Frequently Asked Questions
How do you calculate ROI on legal AI?
Per-deal hour savings × associate billing rate, minus annual platform cost, minus deployment cost (training + integration). The math is straightforward; the inputs are what firms underestimate. Hour savings are typically 80-120 hours per mid-market deal, billing rates depend on the firm, platform cost is enterprise-tier.
Does the ROI work for small firms?
It depends on deal volume. A firm doing fewer than 5-8 mid-market deals a year has a harder ROI case because the per-deal savings have to cover the same platform cost spread across fewer deals. Above ~10 deals/year, the ROI is straightforward.
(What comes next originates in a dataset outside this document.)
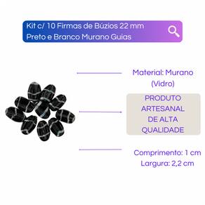 Kit c/10 Firmas Búzios 22 mm Preto e Branco Murano Guias

What about fixed-fee vs. hourly?
On fixed-fee deals, the savings are pure margin. The fee is fixed; lower hours means higher margin. On hourly deals, the savings change what the hours are spent on rather than reducing the total. Both models benefit, but the visibility of the benefit differs.
How do you measure quality, not just speed?
Recall against ground truth (what fraction of real issues did the tool find?), precision (what fraction of flagged items are real?), and rewrite percentage (how much does the partner edit before the memo ships?). Speed without quality is regression.
What's the deployment cost?
Variable by firm. Training (associate hours over the first 90 days), integration (DMS connection, data-room provider connections, firm-branded templates), change management (partner adoption, workflow updates). For a mid-sized M&A practice, total deployment cost typically runs in the range of one to two months of platform fees.